Le burró masqué s'approcha, immense, magnifique de sa démarche fière. Le soleil rasant de cette fin d'après-midi de printemps jetait une lumière éclatante sur le vieux cuir blanchi de son masque, l'enveloppant d'un éclat vermeil semblable à la teinte cramoisie des bonnets portés par les Almogavares, ces guerriers catalans redoutés et redoutables. Le burró noir défit avec des gestes lents la bride de son masque qu'il déposa sur le bord de granit d'un petit "finestro" au travers duquel on apercevait la poussière ocre soulevée par les sabots hésitants de fatigue de la cohorte de mules et de mulets en déroute prenant la direction des Corbières. Puis il se dressa sur ses pattes arrières. Sa tête touchait presque les premières branches du vieux tilleul que de mémoire d'âne on avait toujours vu là, dispensant son ombre fraîche et apaisante. Le burró était énorme, terrifiant. Sa masse ainsi dressée masquait presque entièrement le soleil couchant. Le blanc de ses yeux s'était soudain teinté de rouge, de ce rouge violine, étincelant, ressemblant aux grenats, ces éclats de pierre fine que l'on trouvait jadis sur les flancs du Costabone. La Fraixa reculait, tremblante, apeurée, le teint pâle, cireux, comme si elle avait mangé la veille une rousquille rassie. Son dos heurta le tronc d'un arbousier. Elle s'effondra, vaincue, attendant le coup de sabot qui la marquerait à jamais du "B" emblématique, symbole de sa déchéance. Mais le coup ne vint pas. L'extrême dureté du regard du burró s'atténua, s'adoucit, de la même manière que le ciel s'éclaircit subitement après l'orage d'août au-dessus du Pla Guillem et fait surgir d'un coup le pic du Canigou. Il laissa lourdement retomber ses pattes de derrière et s'adressa magnanime à la Fraixa qu'il venait d'épargner.

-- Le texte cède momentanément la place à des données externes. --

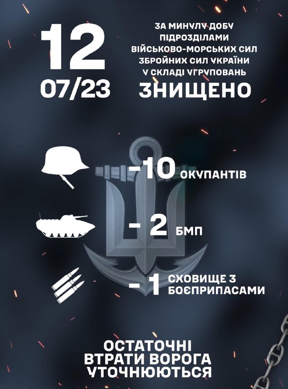 Минулої доби, підрозділами ВМС ЗС України знищено 10 окупантів, 2 бойові машині піхоти та 1 сховище з боєприпасами.
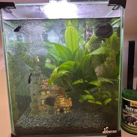 Selges med både pynt, sand, neon tretta og reker. Lokke (se bilde) måtte jeg lime den svarte saken som holder lokke oppe. Men det har ikke noe betydning for akvarium. Følger med mat og verktøy for å rense akvariumet.
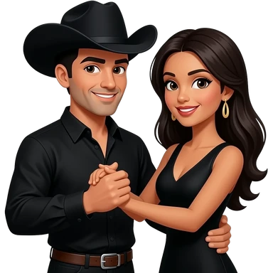 una pareja vestidos de negro el hombre con ropa negra y sombrero de vaquero negro y la chica con vestido negro bailando quebradito el baile mexicano emoji
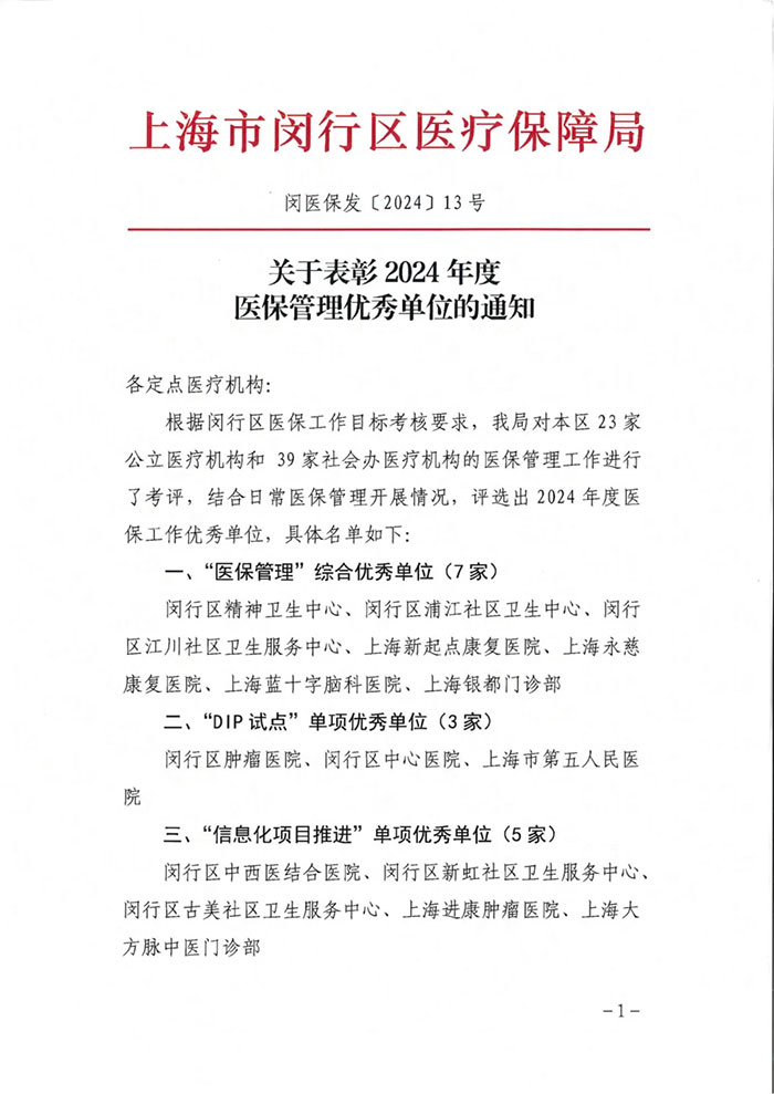 根據(jù)閔行區(qū)醫(yī)療保障局《關(guān)于表彰 2024年度醫(yī)保管理優(yōu)秀單位的通知》(閔醫(yī)保發(fā)【2024】13號),區(qū)醫(yī)保局根據(jù)醫(yī)保工作目標(biāo)考核要求,對閔行區(qū)23家公立醫(yī)療機構(gòu)和39家社會辦醫(yī)療機構(gòu)的醫(yī)保管理工作進(jìn)行了考評,結(jié)合日常醫(yī)保管理開展情況,最終評選出2024年度醫(yī)保工作優(yōu)秀單位。
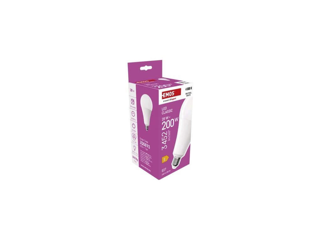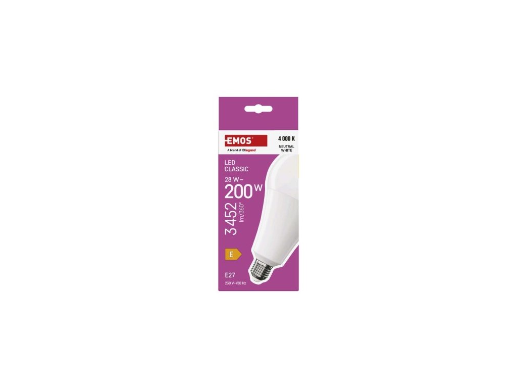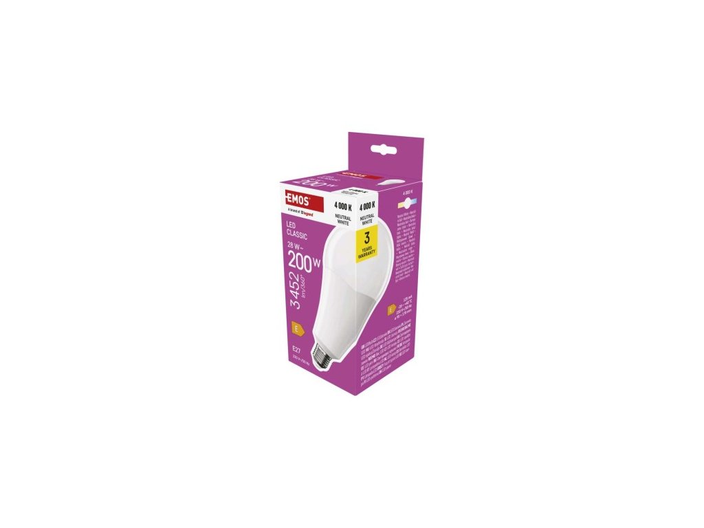 farba svetla: neutrálna biela|energetická trieda: E|index podania farieb (CRI): 80|kompatibilita: neuvádza sa|náhrada za žiarovku: 200 W|napätie: 230 V~/50 Hz|notifikácia do mobilnej aplikácie: neuvádza sa|ovládanie hlasovými asistentmi: neuvádza sa| neuvádza sa|počet spínacích cyklov: 30 000|podporované OS: neuvádza sa|prenosová frekvencia: neuvádza sa|príkon: 28 W|predajný obal: 1 ks, krabička|protokol: neuvádza sa|rad: CLASSIC|rozmer: 95 × 95 × 95 × účinnosť: 123 lm/W|svetelný tok: 3 452 lm|technológia: LED|teplota chromatičnosti: 4 000 K|tvar: A95|typ čipov: SMD|účinník: 0,90|uhol vyžarovania: 180°|3 záručná doba:0Dodatočné parametre
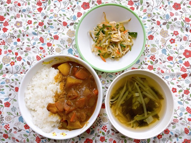 ~今日のお給食~ ・チキンカレー ・きゅうりとささみの和え物 ・わかめスープ ~今日のおやつ~ ・牛乳 ・お誕生日ケーキ …
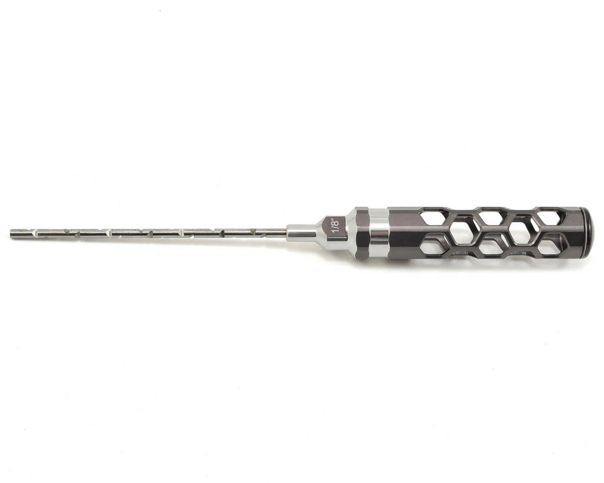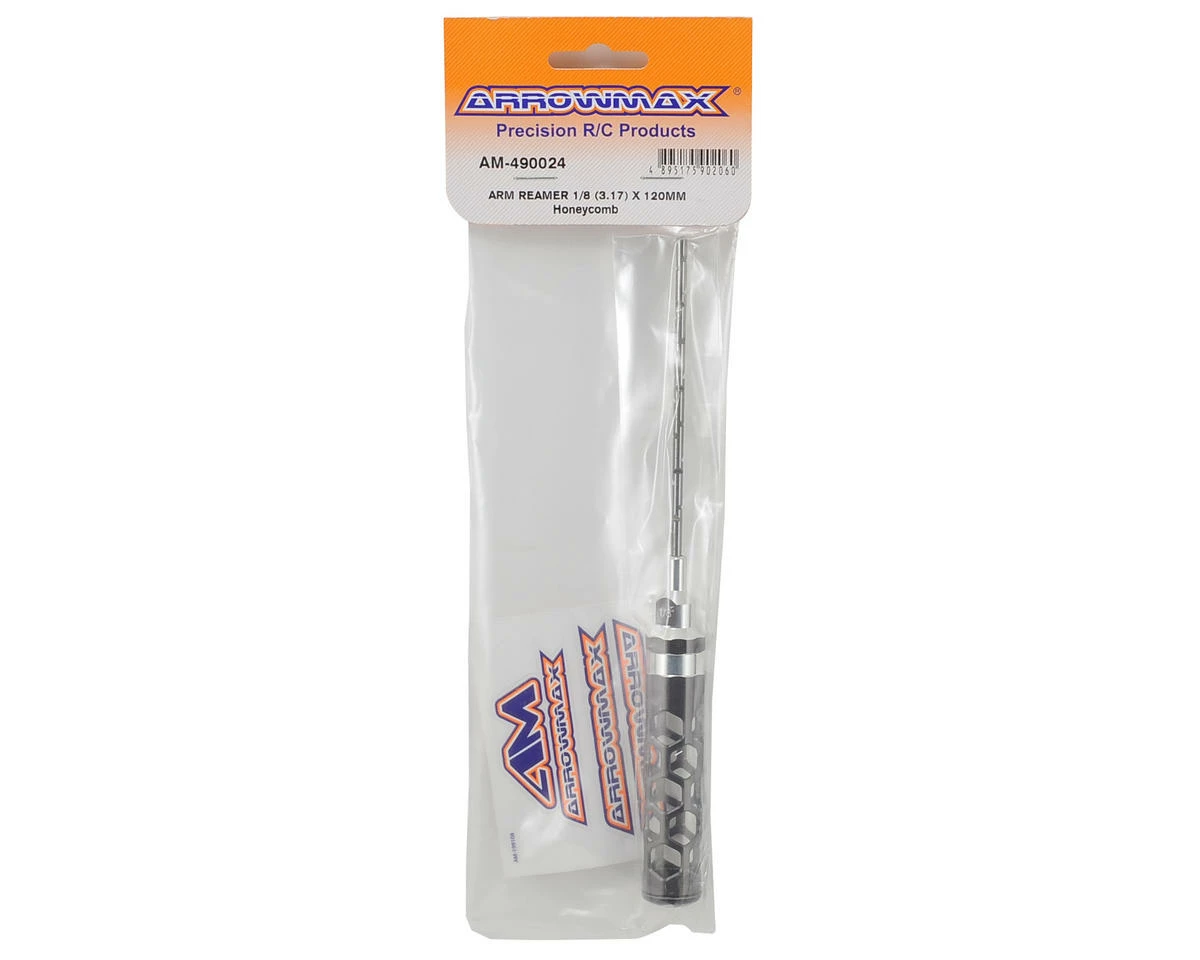 This is an Arrowmax Honeycomb 1/8″ Arm Reamer. Arrowmax tools feature an eye-catching, light weight, hollow honeycomb handle design. This tool is perfect for precisely resizing plastic holes without creating excessive slop, allowing you to build perfect free-moving suspension components. When combined with the lexan cap, you get a comfortable, controllable and lighter feeling tool that makes wrenching easier.
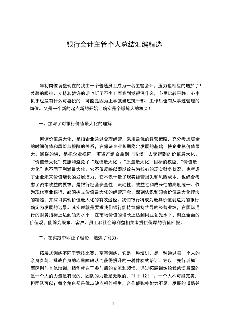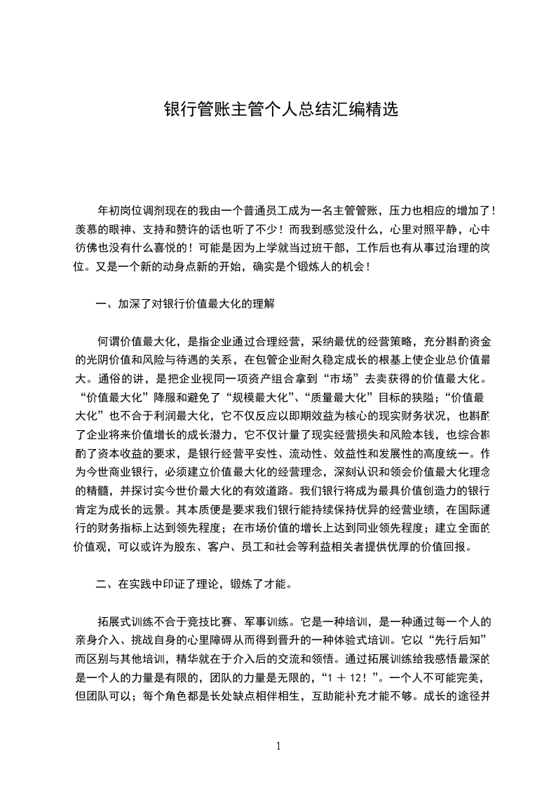 1、加倍深刻的理解了银行价值最大化的经营理念。
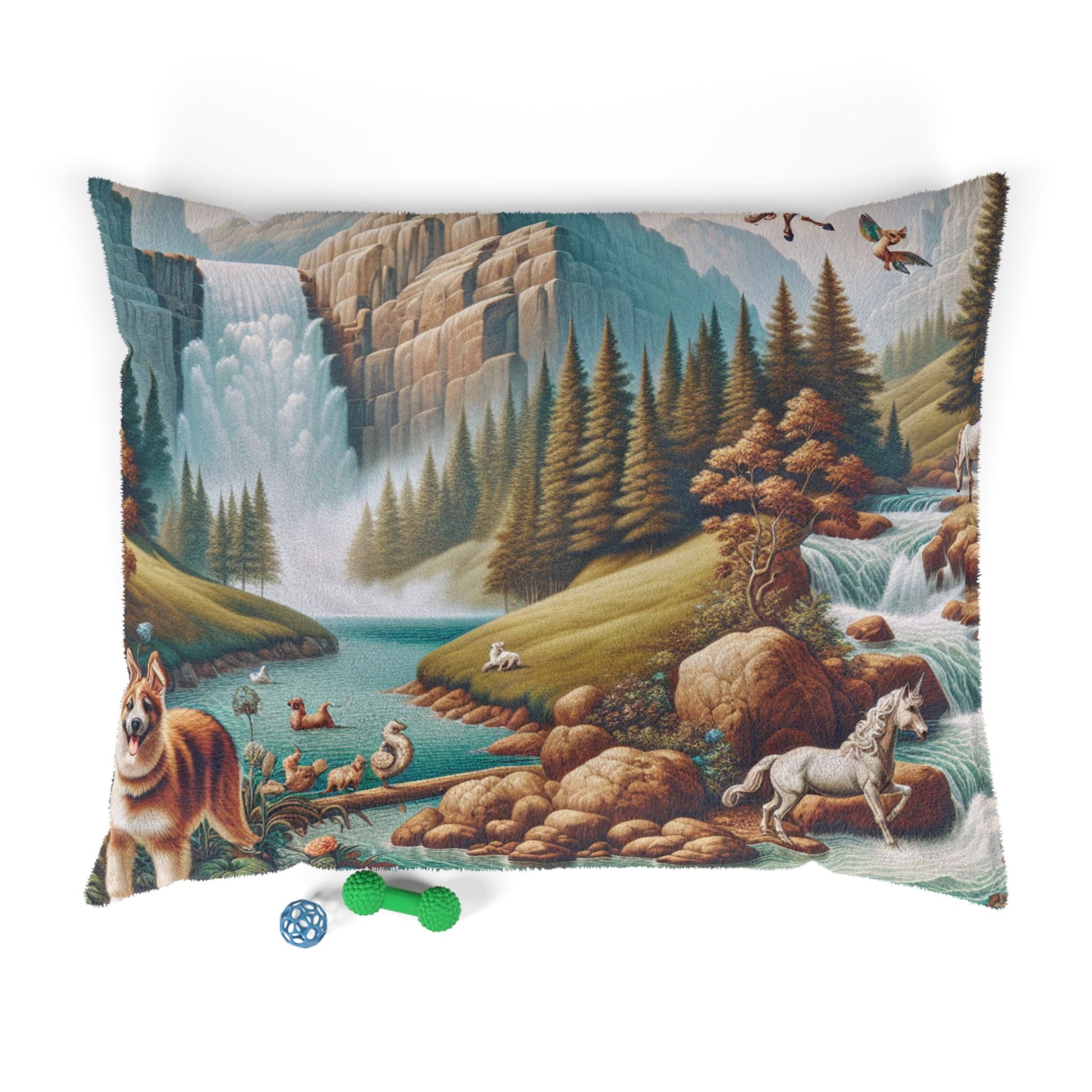 With its vibrant colors and magical design, this bed is ideal for creating a dreamy space for your pet to unwind. The removable, washable cover and shape-retaining insert make it a practical, yet enchanting choice for both you and your pet.

_"Nous te devons un grand merci, la Fraixa. Nous étions tous engourdis, endormis. Nous ne savions plus très bien qui nous étions, où nous allions. Ton Equidémanie nous a tous réveillés, regroupés, fédérés. Tu nous as permis de retrouver nos valeurs, notre unité, notre fierté...........notre âme. Grâce à toi, nous nous sentons à nouveau burrós jusqu'au bout de nos sabots".

Meurtrie, l'encolure pesante, l'œil humide, la Fraixa s'en alla, le sabot flageolant, la queue et les oreilles basses. Le burró quin, comme il l'avait toujours fait, lui emboîta le pas. Ils traversèrent la cour basse du mas entre une haie d'ânes. Des gris, des roux, des noirs, des bruns, des blancs, des fauves, des blonds, de toutes les couleurs, de toutes les tailles, de toutes les origines, mais burros, tous burrós. Et la vie reprit son cours dans ce joli mas du Roussillon, rythmée par les saisons, les semailles, les moissons, les cueillettes, les vendanges. La Fraixa disparut à jamais. De vieux bergers affirment que certaines nuits d'hiver, lorsque la tramontane coléreuse et glaciale balaie la plaine recroquevillée et endormie, de sourds gémissements semblent surgir des murailles en ruine du château d'Opoul. "Ce sont ceux ," disent-ils, " du fantôme de la Fraixa pleurant sur son Equidémanie perdue".

On raconte que parfois, à la fin de l'été, par des matinées fraîches et claires, sur le plateau cerdan, où le vent de la Seu enflamme les esprits, de jeunes ânes guarrà, les yeux couverts de branches de frêne ou de sorbier jouent encore au burró masqué.